There is a surprising amount of important data in various Mongo instances around the world. Particularly within high finance, with multi-TB setups sprouting up here and there.

I suspect that this is in part due to historical inertia and exposure to SecDB designs.[0] Financial instruments can be hideously complex and they certainly are ever-evolving, so I can imagine a fixed schema for essentially constantly shifting time series universe would be challenging. When financial institutions began to adopt the SecDB model, MongoDB was available as a high-volume, "schemaless" KV store, with a reasonably good scaling story.

Combine that with the relatively incestuous nature of finance (they tend to poach and hire from within their own ranks), the average tenure of an engineer in one organisation being less than 4 years and you have an osmotic process of spreading "this at least works in this type of environment" knowledge. Add the naturally risk-averse nature of finance[ß] and you can see how one successful early adoption will quickly proliferate across the industry.

0: This was discussed at HN back in the day too: https://calpaterson.com/bank-python.html

ß: For an industry that loves to take financial risks - with other people's money of course, they're not stupid - the players in high finance are remarkably risk-averse when it comes to technology choices. Experimentation with something new and unknown carries a potentially unbounded downside with limited, slowly emerging upside.

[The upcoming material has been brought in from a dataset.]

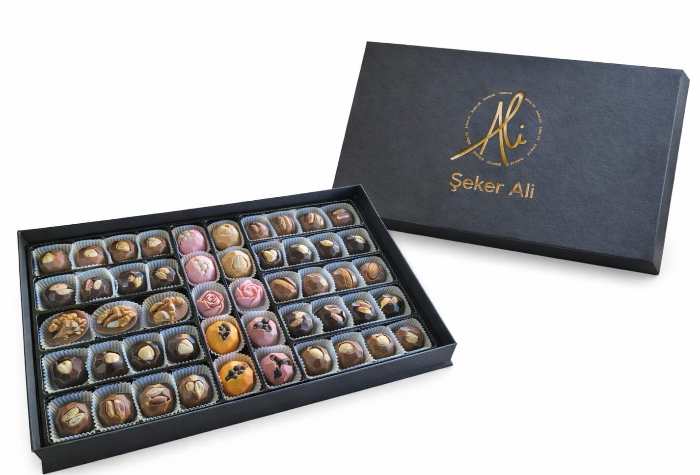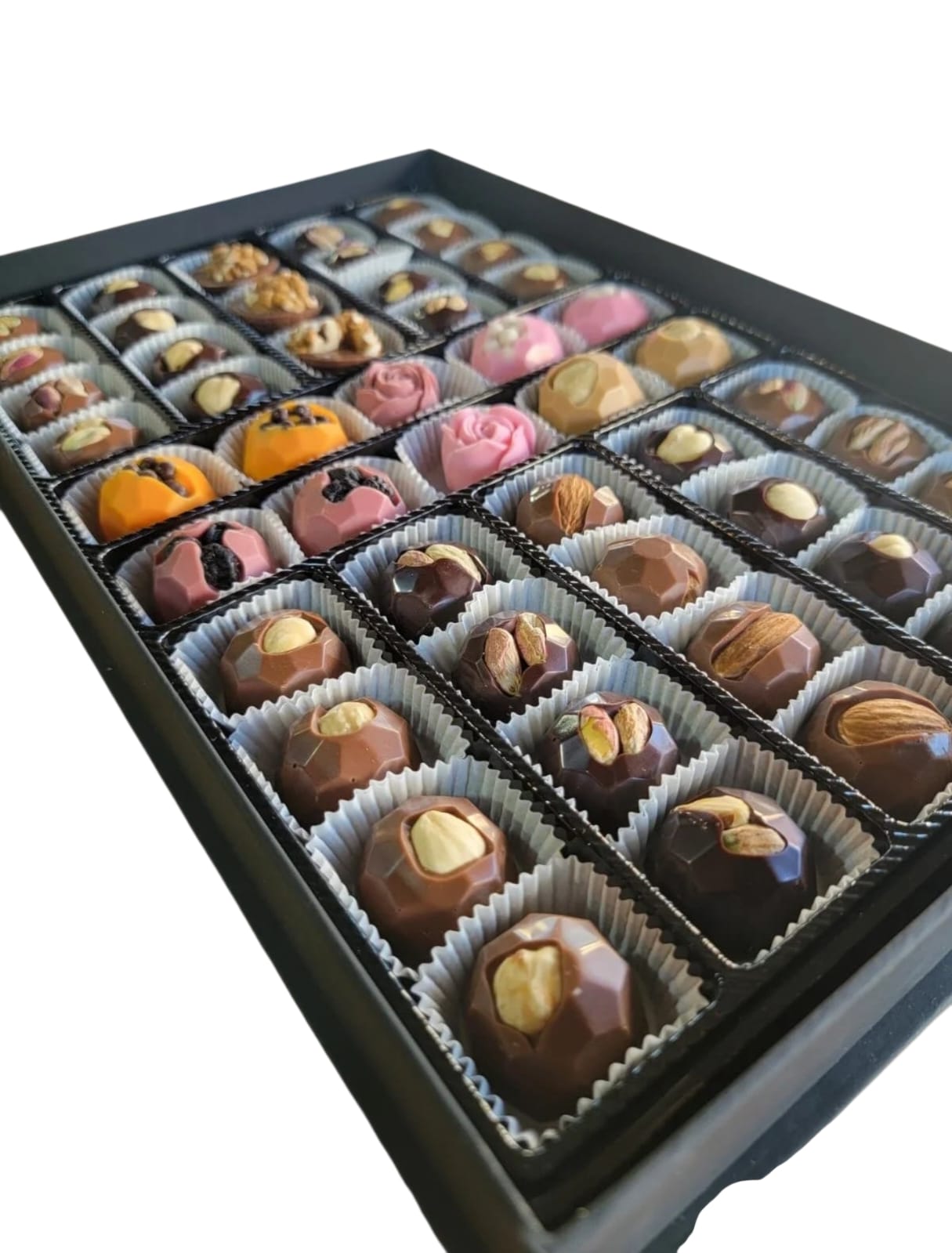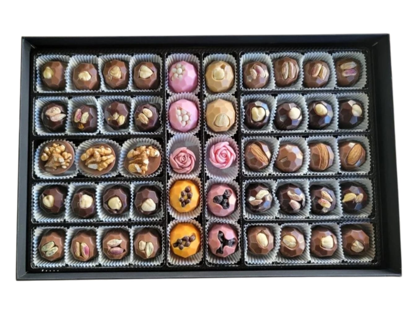 içerisinde sütlü, bitter, portakal, ruby, çilek ve karamelli çikolatadan hazırlanan, kuruyemişle süslenen el yapımı belçika çikolatası

I'd argue that there's a schema; it's just defined dynamically by the queries themselves. Given how much of the industry seems fine with dynamic typing in languages, it's always been weird to me how diehard people seem to be about this with databases. There have been plenty of legitimate reasons to be skeptical of mongodb over the years (especially in the early days), but this one really isn't any more of a big deal than using Python or JavaScript.


Yes there's a schema, but it's hard to maintain. You end up with 200 separate code locations rechecking that the data is in the expected shape. I've had to fix too many such messes at work after a project grinded to a halt. Ironically some people will do schemaless but use a statically typed lang for regular backend code, which doesn't buy you much. I'd totally do dynamic there. But DB schema is so little effort for the strong foundation it sets for your code.

Sometimes it comes from a misconception that your schema should never have to change as features are added, and so you need to cover all cases with 1-2 omni tables. Often named "node" and "edge."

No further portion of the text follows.